Masih jelas terbayang di ingatannya ketika Evan, sang mantan tunangan ternyata bermain wanita lain di belakangnya. Dan hal tersebut baru terungkap ketika semua persiapan pernikahan tengah dilakukan. Cincin, gaun putih, tuxedo yang mengkilap, kue pernikahan, bahkan undangan pun sudah disebar. Namun ternyata semuanya tak berakhir indah yang seperti Yvonne impikan. Pernikahan yang batal? Malu!

Laki-laki brengsek, batinnya. Ia sungguh tak mengira kesetiaannya harus dibayar seperti itu. Lima tahun berpacaran mungkin hanya sebuah alibi untuk menutupi sifat Evan kala itu. Yvonne sedikit menyesal mengapa Ia mudah termakan bualan manis yang Evan tawarkan. Ia selalu mengira bahwa Evan adalah jodohnya. Padahal kenyataannya bukan.

***
Lelah! Itulah yang Yvonne rasakan. Tubuhnya lunglai dan perutnya kelaparan. Sepertinya otaknya terlalu banyak bekerja sehingga asupan energinya habis dipakai untuk berpikir. Kaki-kakinya membawa pada sebuah café di pinggir kota, tempat Yvonne dan teman-teman biasa menghabiskan sore hari karena sangat dekat dari kantor.

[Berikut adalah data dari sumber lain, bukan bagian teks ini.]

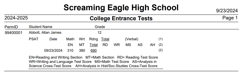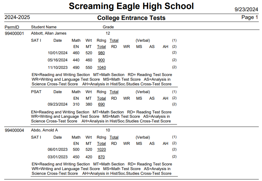 The same report can be run for all students in a school from View All Reports | College Entrance Tests. This report is only available at the School level, it cannot be run from the District.
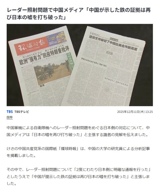 レーダー照射問題で中国メディア「中国が示した鉄の証拠は再び日本の嘘を打ち破った」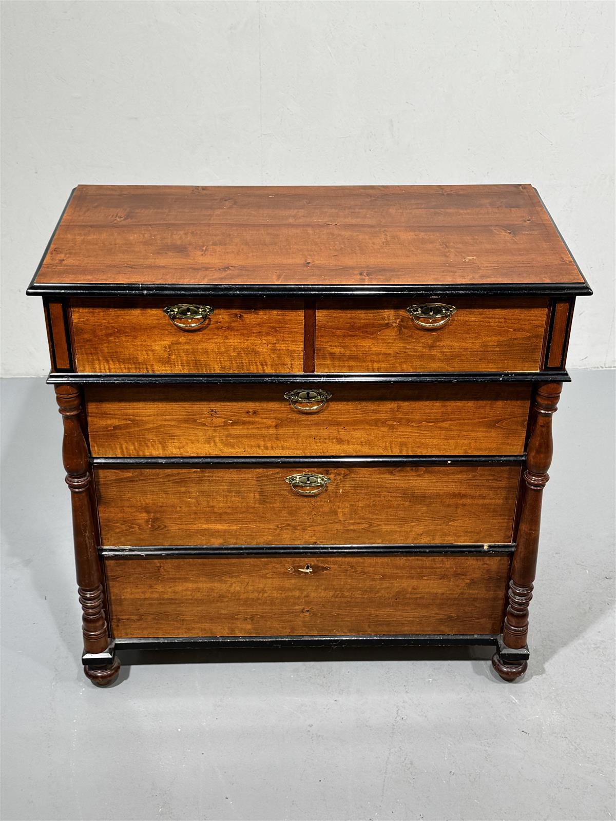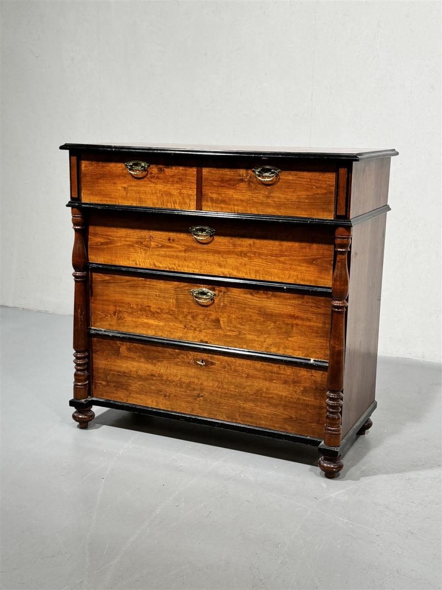 Komea vintage-lipasto, jossa on viisi vetolaatikkoa ja koristeelliset messinkivetimet. Eesine huokuu vanhan ajan käsityötaitoa ja arvokkuutta.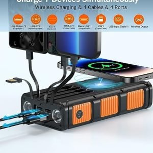 Seven Outputs & Five Inputs: With 3 built-in output cables (iOS & USB-C & Micro USB), 3 output ports ( USB*2 & USB-C*1), and a wireless charging area, this power bank supports charging 7 devices simultaneously. It is the most in the market. With 1 USB-A input cable and 2 input ports (iOS & USB-C), it offers five ways to be recharged. ALL charge methods are included, it keeps all your devices powered and getting rid of messy cables.

“Selamat datang! Silakan, mau pesan apa?”, sapa pelayan yang bekerja di kasir dengan ramah.

“Saya pesan Caramel Frappucino dan Chocolate Lava Cake

“Ukurannya?”

“Hmmm mungkin Grande, saya agak lapar. Maklum baru pulang kerja”, kata Yvonne sambil tersenyum malu.

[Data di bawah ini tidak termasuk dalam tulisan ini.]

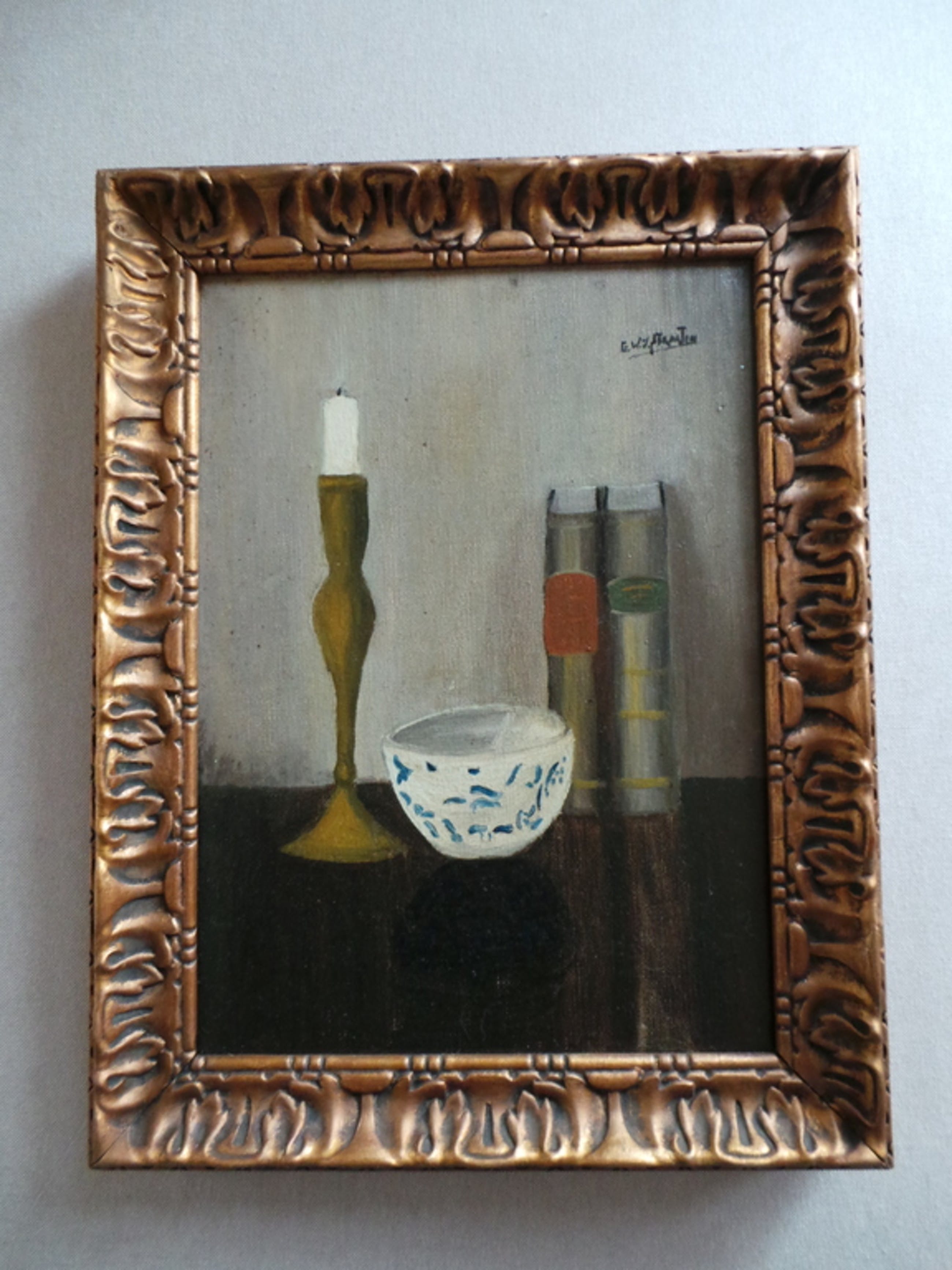 Afmeting met lijst 30.5 x 39 cm ( gelijst in een oud origineel lijstje )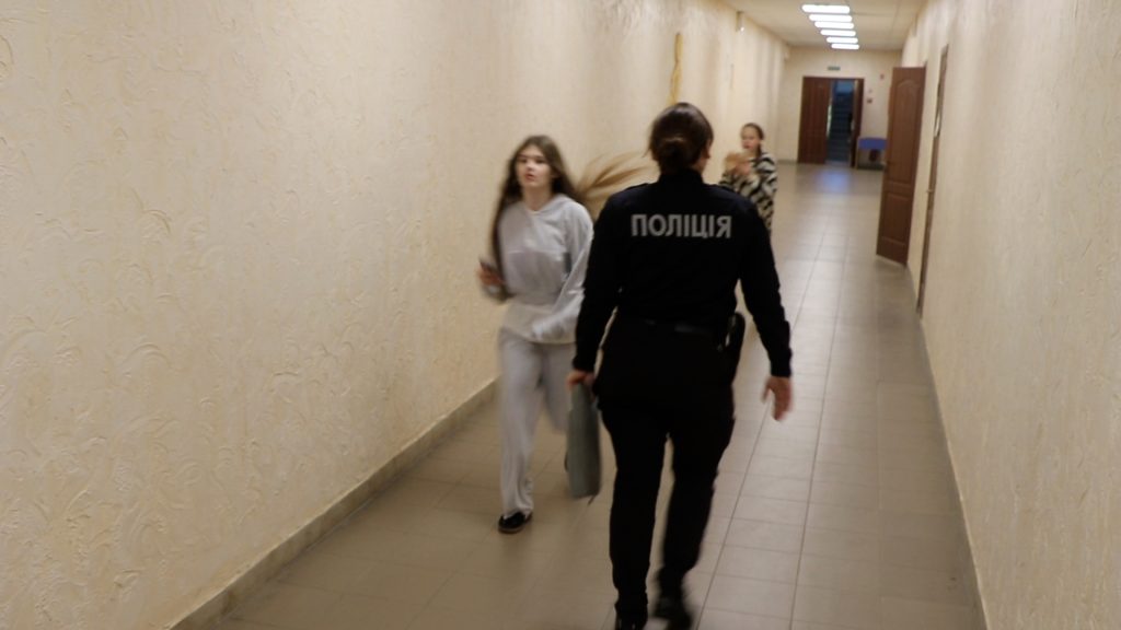 Продовжуємо спілкування про шкільні автобуси, проте розмову перериває повітряна тривога. Під наглядом співробітниці поліції та вчителів діти прямують до укриття, ми з Артемом Васильовичем йдемо за ними.

“Haha baiklah Nona, silakan tunggu di meja. Nanti pesanannya akan kami antarkan”.

Tiba-tiba terdengar sahutan dari seorang pelanggan dari kasir sebelah, “Ah! Aku juga mau Caramel Frappucino!”.

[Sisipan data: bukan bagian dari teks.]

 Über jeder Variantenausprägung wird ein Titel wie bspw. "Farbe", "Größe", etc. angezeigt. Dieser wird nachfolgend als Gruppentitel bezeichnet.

Reflek Yvonne menoleh ke arah orang itu. Matanya menangkap wajah yang dikenali, tapi dia lupa itu siapa. Lama Yvonne berdiri mengingat-ingat, barulah ia sadar. Bukan hanya itu! Ia gemetar! Karena panik, dia bergegas lari dan duduk di meja yang letaknya agak jauh dari kasir tadi.

“Gawat, pantas saja wajahnya sangat familiar! Itu pasti Matthew! Astaga apa yang dia lakukan disini?!”, teriaknya dalam hati sembari menutup wajah dengan majalah-majalah lama yang di pajang di meja.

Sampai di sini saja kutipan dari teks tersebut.